Problem to work on - Please, without any pictures, set down exactly the part of the listing below that opens with the line containing "Plemenita borba sa" and closes with the line containing "そこで、6月1日(水曜日)に".

Stored data -
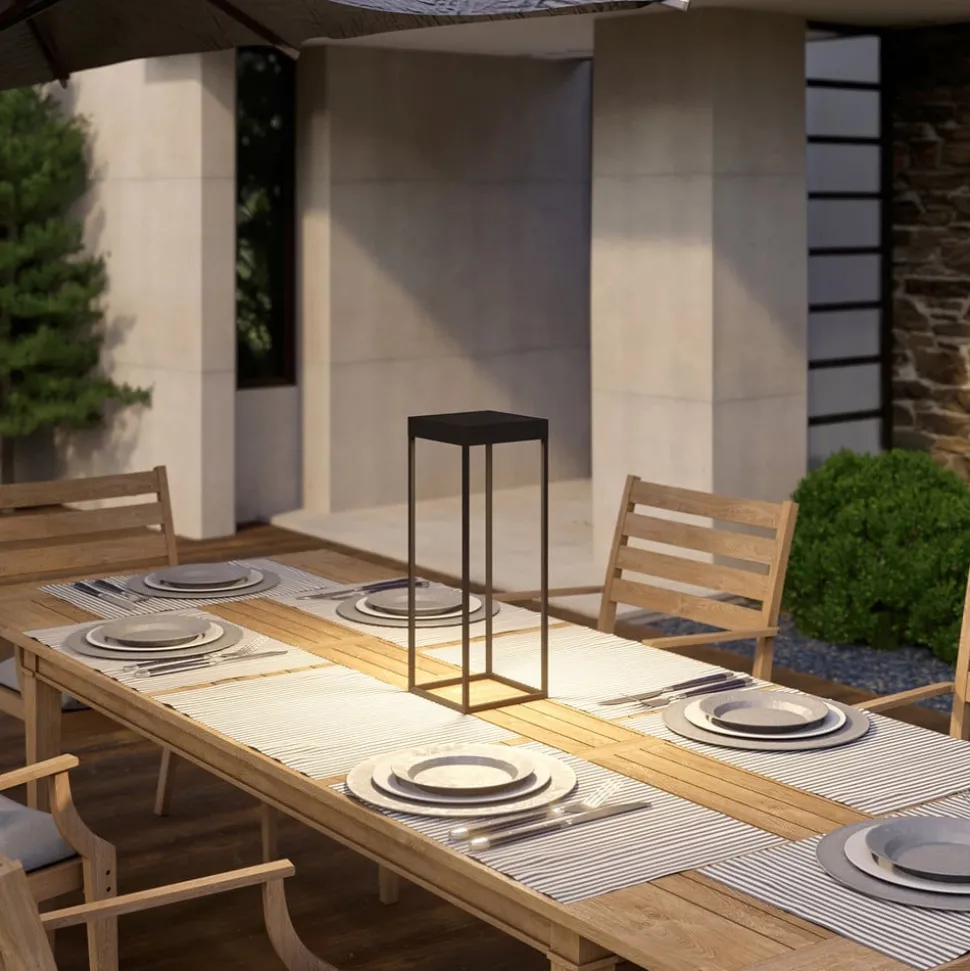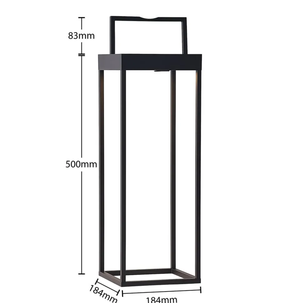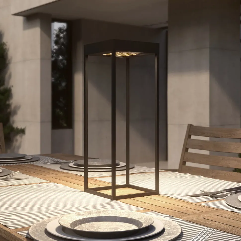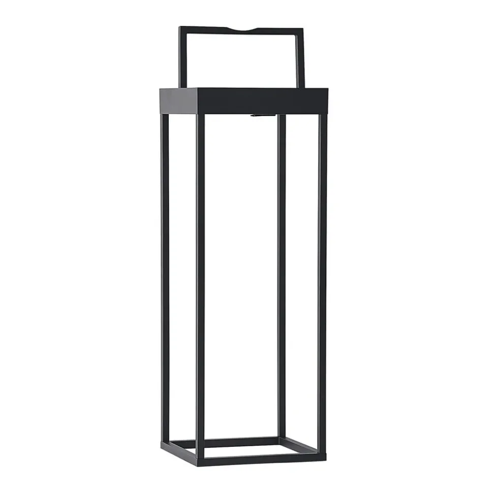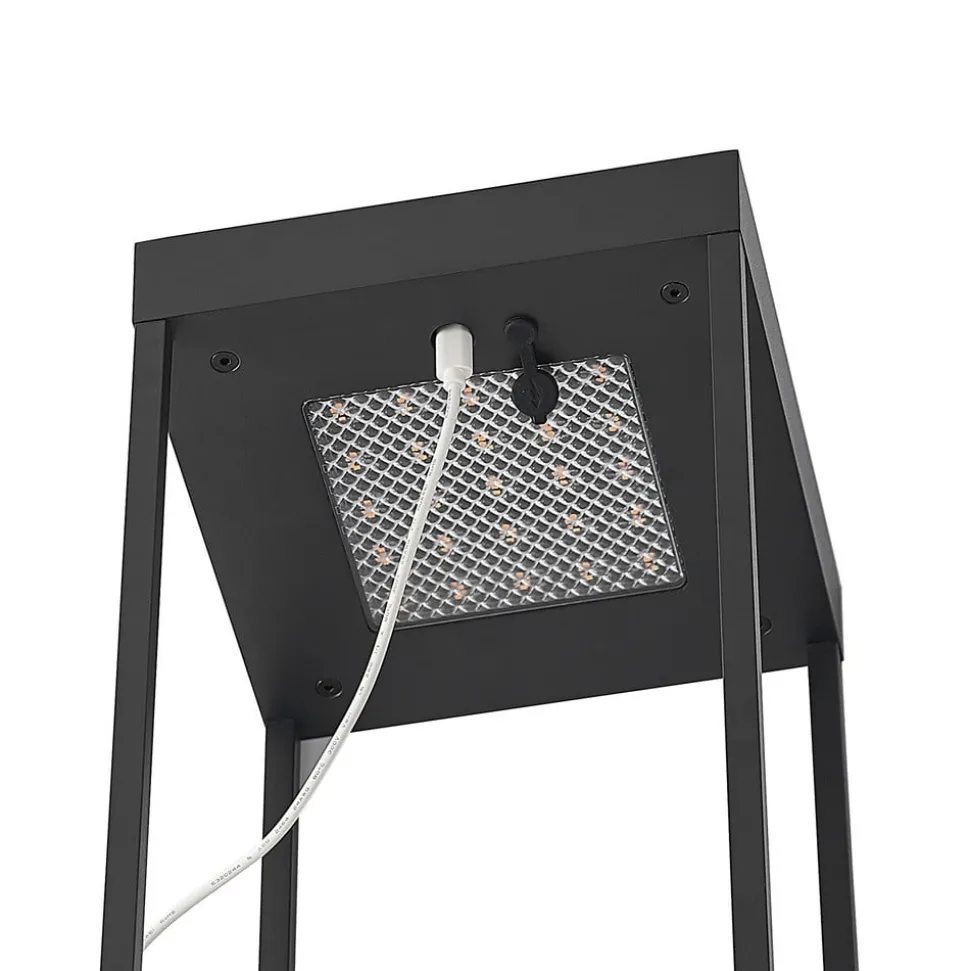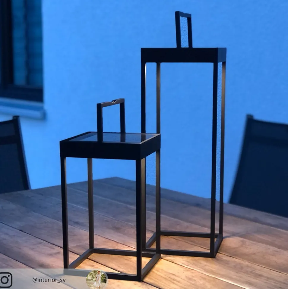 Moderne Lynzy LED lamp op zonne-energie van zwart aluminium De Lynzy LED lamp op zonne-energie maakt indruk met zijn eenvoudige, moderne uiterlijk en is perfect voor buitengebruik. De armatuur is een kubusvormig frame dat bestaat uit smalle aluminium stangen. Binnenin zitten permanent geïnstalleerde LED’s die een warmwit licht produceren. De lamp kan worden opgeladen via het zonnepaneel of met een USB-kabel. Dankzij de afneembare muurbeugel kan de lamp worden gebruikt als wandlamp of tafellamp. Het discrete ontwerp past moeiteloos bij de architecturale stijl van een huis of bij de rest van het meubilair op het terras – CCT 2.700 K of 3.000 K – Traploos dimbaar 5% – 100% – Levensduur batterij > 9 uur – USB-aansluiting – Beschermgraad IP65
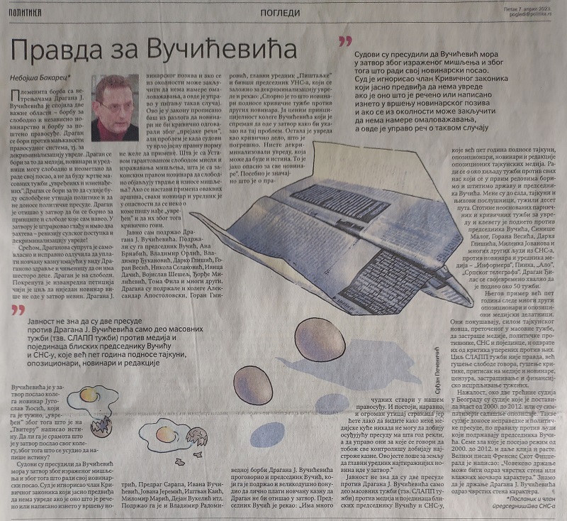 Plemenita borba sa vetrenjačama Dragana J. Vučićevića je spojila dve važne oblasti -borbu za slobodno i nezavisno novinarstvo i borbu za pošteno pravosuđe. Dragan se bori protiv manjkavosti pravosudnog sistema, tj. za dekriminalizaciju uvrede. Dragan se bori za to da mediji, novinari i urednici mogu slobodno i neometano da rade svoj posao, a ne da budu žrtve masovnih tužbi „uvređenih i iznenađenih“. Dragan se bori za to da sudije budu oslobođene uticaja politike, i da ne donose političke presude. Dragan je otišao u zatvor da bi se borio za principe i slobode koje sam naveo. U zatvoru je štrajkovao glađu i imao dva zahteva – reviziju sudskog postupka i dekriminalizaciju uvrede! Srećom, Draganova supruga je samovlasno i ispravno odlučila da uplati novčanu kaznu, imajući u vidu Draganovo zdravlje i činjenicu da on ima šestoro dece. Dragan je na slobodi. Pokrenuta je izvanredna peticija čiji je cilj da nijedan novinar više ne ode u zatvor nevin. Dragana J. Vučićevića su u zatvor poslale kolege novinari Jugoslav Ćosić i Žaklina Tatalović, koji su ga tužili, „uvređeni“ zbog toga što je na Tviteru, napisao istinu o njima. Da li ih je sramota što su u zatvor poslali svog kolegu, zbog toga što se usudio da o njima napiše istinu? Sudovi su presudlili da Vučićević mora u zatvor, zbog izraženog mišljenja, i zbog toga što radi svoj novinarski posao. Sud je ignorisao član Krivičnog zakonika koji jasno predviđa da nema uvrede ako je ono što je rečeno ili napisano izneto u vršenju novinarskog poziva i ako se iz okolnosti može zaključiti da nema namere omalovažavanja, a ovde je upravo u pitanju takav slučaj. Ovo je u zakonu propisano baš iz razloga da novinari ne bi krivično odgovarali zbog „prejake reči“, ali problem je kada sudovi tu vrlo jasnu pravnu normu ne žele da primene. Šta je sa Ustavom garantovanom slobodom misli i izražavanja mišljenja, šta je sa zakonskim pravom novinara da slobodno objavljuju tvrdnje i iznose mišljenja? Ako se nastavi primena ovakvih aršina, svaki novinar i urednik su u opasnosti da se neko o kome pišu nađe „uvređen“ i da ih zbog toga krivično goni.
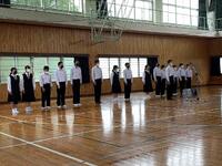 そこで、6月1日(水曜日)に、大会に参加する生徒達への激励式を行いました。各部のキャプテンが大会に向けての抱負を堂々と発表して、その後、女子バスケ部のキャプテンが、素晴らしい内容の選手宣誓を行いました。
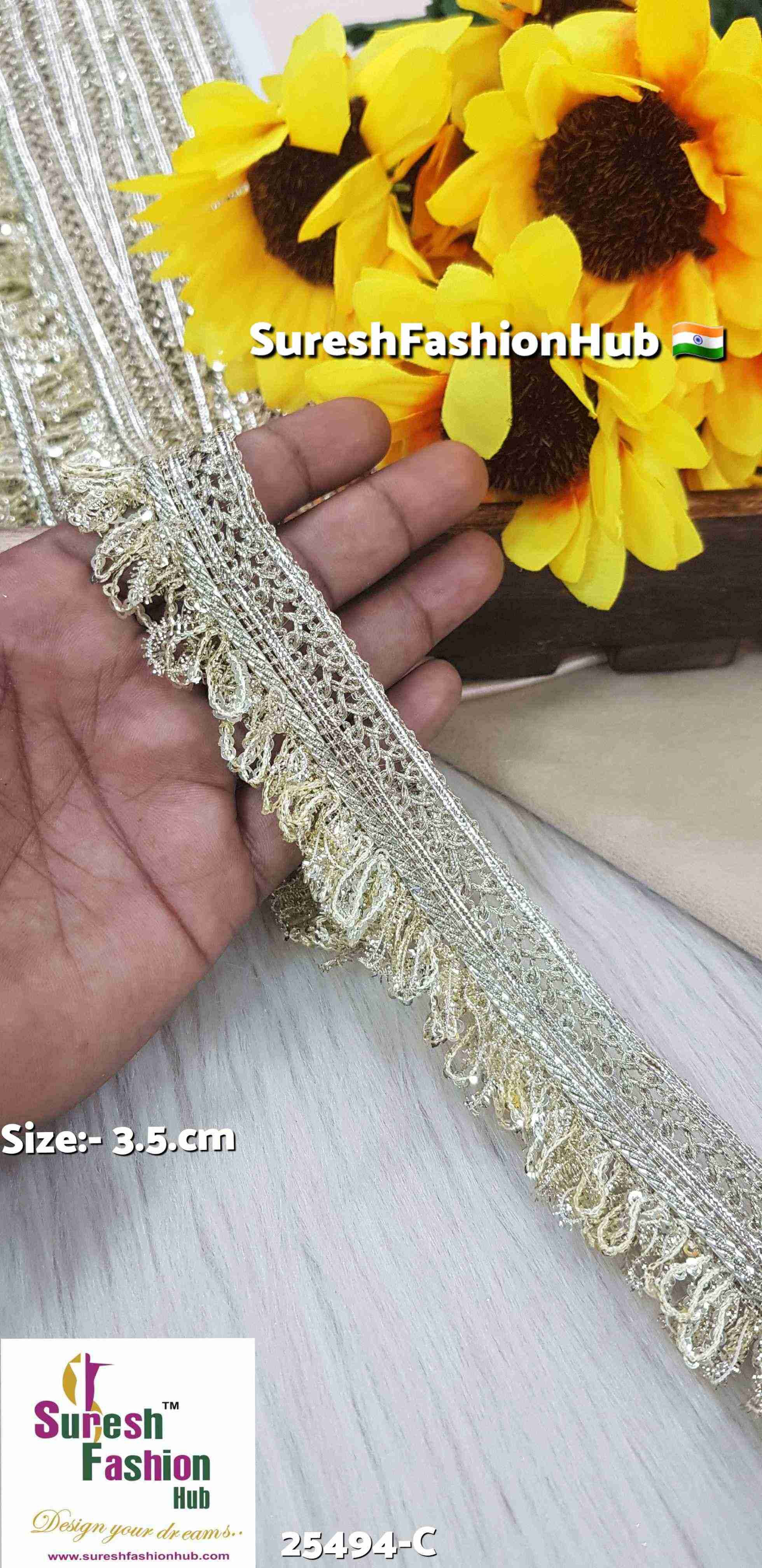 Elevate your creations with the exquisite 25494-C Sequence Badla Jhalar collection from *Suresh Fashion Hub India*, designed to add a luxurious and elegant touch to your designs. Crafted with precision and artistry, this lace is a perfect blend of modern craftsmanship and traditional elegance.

Output below -
 Plemenita borba sa vetrenjačama Dragana J. Vučićevića je spojila dve važne oblasti -borbu za slobodno i nezavisno novinarstvo i borbu za pošteno pravosuđe. Dragan se bori protiv manjkavosti pravosudnog sistema, tj. za dekriminalizaciju uvrede. Dragan se bori za to da mediji, novinari i urednici mogu slobodno i neometano da rade svoj posao, a ne da budu žrtve masovnih tužbi „uvređenih i iznenađenih“. Dragan se bori za to da sudije budu oslobođene uticaja politike, i da ne donose političke presude. Dragan je otišao u zatvor da bi se borio za principe i slobode koje sam naveo. U zatvoru je štrajkovao glađu i imao dva zahteva – reviziju sudskog postupka i dekriminalizaciju uvrede! Srećom, Draganova supruga je samovlasno i ispravno odlučila da uplati novčanu kaznu, imajući u vidu Draganovo zdravlje i činjenicu da on ima šestoro dece. Dragan je na slobodi. Pokrenuta je izvanredna peticija čiji je cilj da nijedan novinar više ne ode u zatvor nevin. Dragana J. Vučićevića su u zatvor poslale kolege novinari Jugoslav Ćosić i Žaklina Tatalović, koji su ga tužili, „uvređeni“ zbog toga što je na Tviteru, napisao istinu o njima. Da li ih je sramota što su u zatvor poslali svog kolegu, zbog toga što se usudio da o njima napiše istinu? Sudovi su presudlili da Vučićević mora u zatvor, zbog izraženog mišljenja, i zbog toga što radi svoj novinarski posao. Sud je ignorisao član Krivičnog zakonika koji jasno predviđa da nema uvrede ako je ono što je rečeno ili napisano izneto u vršenju novinarskog poziva i ako se iz okolnosti može zaključiti da nema namere omalovažavanja, a ovde je upravo u pitanju takav slučaj. Ovo je u zakonu propisano baš iz razloga da novinari ne bi krivično odgovarali zbog „prejake reči“, ali problem je kada sudovi tu vrlo jasnu pravnu normu ne žele da primene. Šta je sa Ustavom garantovanom slobodom misli i izražavanja mišljenja, šta je sa zakonskim pravom novinara da slobodno objavljuju tvrdnje i iznose mišljenja? Ako se nastavi primena ovakvih aršina, svaki novinar i urednik su u opasnosti da se neko o kome pišu nađe „uvređen“ i da ih zbog toga krivično goni.
 そこで、6月1日(水曜日)に、大会に参加する生徒達への激励式を行いました。各部のキャプテンが大会に向けての抱負を堂々と発表して、その後、女子バスケ部のキャプテンが、素晴らしい内容の選手宣誓を行いました。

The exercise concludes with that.